1950年ナポリ生まれ。
1976年頃からイタリア映画のヘアスタイリストやメイクアップ・アシスタントとしてクレジットされている。1977年にはディーノ・リージ監督のコメディ″La stanza del vescovo″(1977)でニーロ・ヤコポーニ(Nilo Jacoponi)のアシスタントを担当。また、この時期にファブリツィオ・スフォルツァ(Fabrizio Sforza)のアシスタントも経験している。
1979年、ルチオ・フルチ監督作品『サンゲリア』(1979)のメイクアップ班に参加。ジャンネット・デ・ロッシとマウリツィオ・トラーニのアシスタントとしてゾンビの特殊メイクの応援に付いた[1][2]。
その後、ルチオ・フルチ監督作品の特殊メイク・チームに続けてアシスタントとして参加。『地獄の門』(1980)ではフランコ・ルフィーニ(Franco Rufini)のアシスタントを担当する。当初フルチは『サンゲリア』で組んだジャンネット・デ・ロッシの続投を希望したが、製作会社の都合でホラー映画の経験がないルフィーニが起用された。『サンゲリア』の特殊メイクチームからはアシスタントのプレストピーノのみが続投となった。
続く『ルチオ・フルチの恐怖!黒猫』(1981)と『未来帝国ローマ』(1983)ではフランコ・ディ・ジローラモ(Franco di Girolamo)のアシスタントを担当。『ザ・リッパー』(1982)では大規模なメイクアップ・チームが編成され、マウリツィオ・トラーニ、フランコ・ディ・ジローラモ、後にアカデミー賞を受賞するマンリオ・ロッケッティ及びその弟ルイージ・ロッケッティ(Luigi Rocchetti)とともに特殊メイクを手がけた。
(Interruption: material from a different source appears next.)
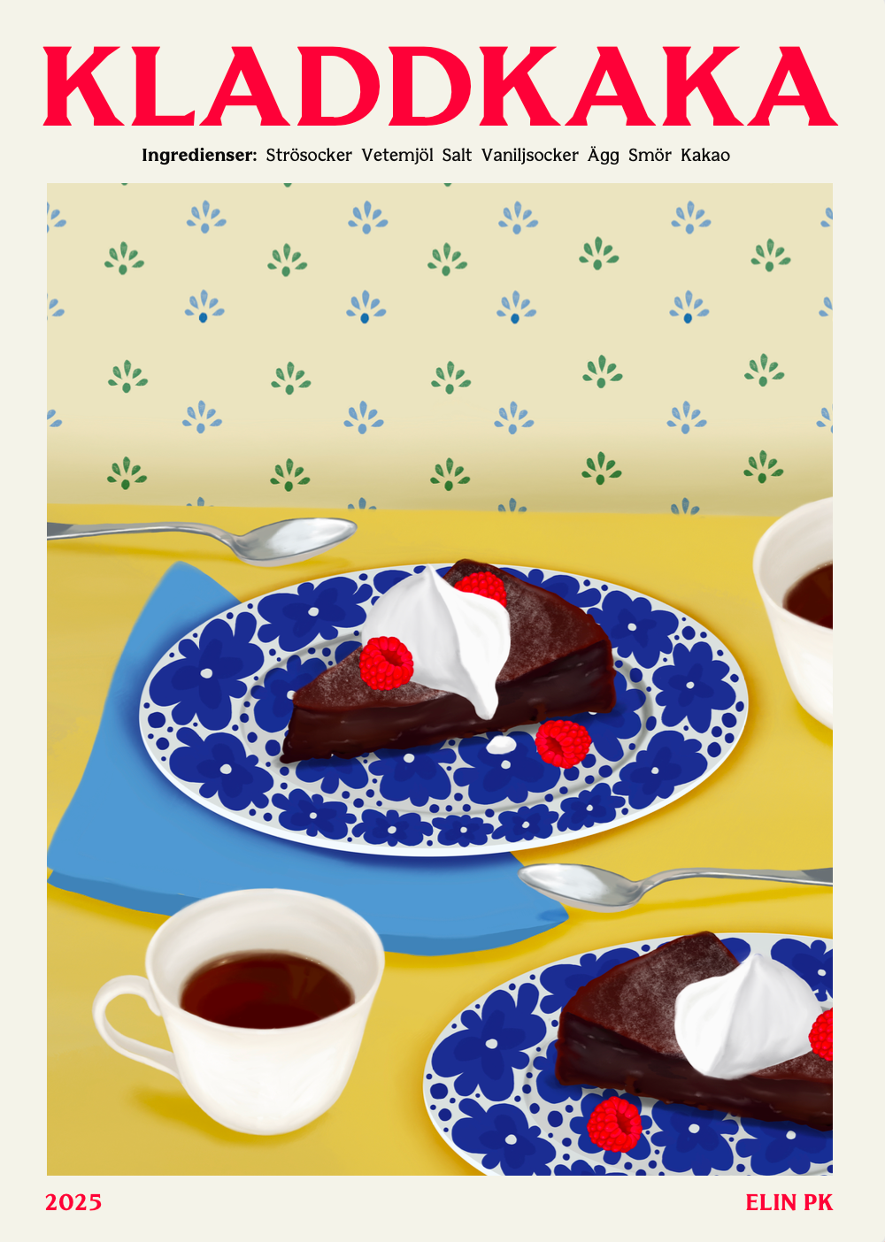 Elin PK Kladdkaka Poster i gult, blått och rött. Högkvalitativt print på 180gr FSC certifierat matt papper. Säljs i storlekarna 30x40 cm, 50x70 cm och 70 x 100 cm. Tillverkad i Sverige. Ram ingår ej.

フルチ監督作品以外ではマリーノ・ジローラミ(Marino Girolami)監督の『人間解剖島/ドクター・ブッチャー』(1980)で、マウリツィオ・トラーニのアシスタントを担当する[2]。
1980年にはオーストラリア映画『パトリック』(1978)の続編を勝手に謳ったイタリア映画″Patrick vive ancora″(1980)の特殊メイクを、ヴィンチェンツォ・ナポリ(Vincenzo Napoli)とともに手がける。
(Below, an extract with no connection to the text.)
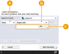 You can search destinations with multiple conditions. Specify the first search condition, press <Add Search Condition>, and then select <or> or <and> for the next condition.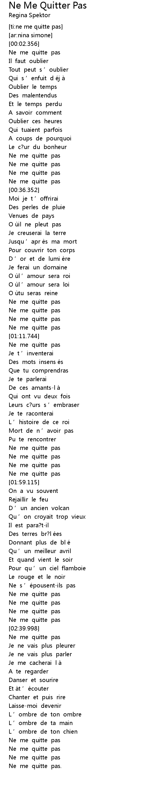 | [02:35.906] | Ne me quitte pas |

1981年にはアンドレア・ビアンキ(Andrea Bianchi)監督作品『ゾンビ3』(1981)の特殊メイクを、アシスタントではなく単独で担当。『地獄の門』で組んだ特殊効果技師のジーノ・デ・ロッシ(Gino de Rossi)と協力しながらゾンビのマスクを制作。殺人シーンの特殊メイクも手がける。低予算で製作されたこの作品はその後、カルト映画として一部に熱狂的なマニアを持つようになる[2]。
1985年にはダリオ・アルジェント製作、ランベルト・バーヴァ監督の『デモンズ』(1985)の特殊メイクに参加。特殊メイク班主任のセルジオ・スティヴァレッティに協力して数々のスプラッター・シーンを作り上げた。出演した女優パオラ・コッツォ(Paola Cozzo)のインタビューによると、スティヴァレッティが担当したのは牙や人形の造形であり、デモンズに憑依された顔や手のメイクアップを行ったのはプレストピーノだったという[3]
翌年の『デモンズ2』(1986)ではスティヴァレッティがモンスターの造形・アニマトロニクスなどメカニカルな特殊効果に専念することから、プレストピーノが特殊メイクの主任を勤めた。以降もダリオ・アルジェントのプロデュース作品に参加し、『オペラ座/血の喝采』(1987)、『デモンズ3』(1989)、『デモンズ4』(1990)で特殊メイクを担当する。
1987年には吉川晃司が主演した日伊合作映画『シャタラー』(1987)でメイクアップを担当。
2004年には作家スザンナ・タマーロが監督した映画″Nel mio amore″(2004)でメイクアップを担当。
短編映画″La sceneggiatura″(2006)及び″Amore estremo″(2006)の特殊メイクは息子ディエゴ・プレストピーノとともに担当。ロザリオの死後にローマ国際映画祭など複数の映画祭に出品され、特殊メイク賞を受賞した。
2008年、心臓発作のためローマで死去。享年57。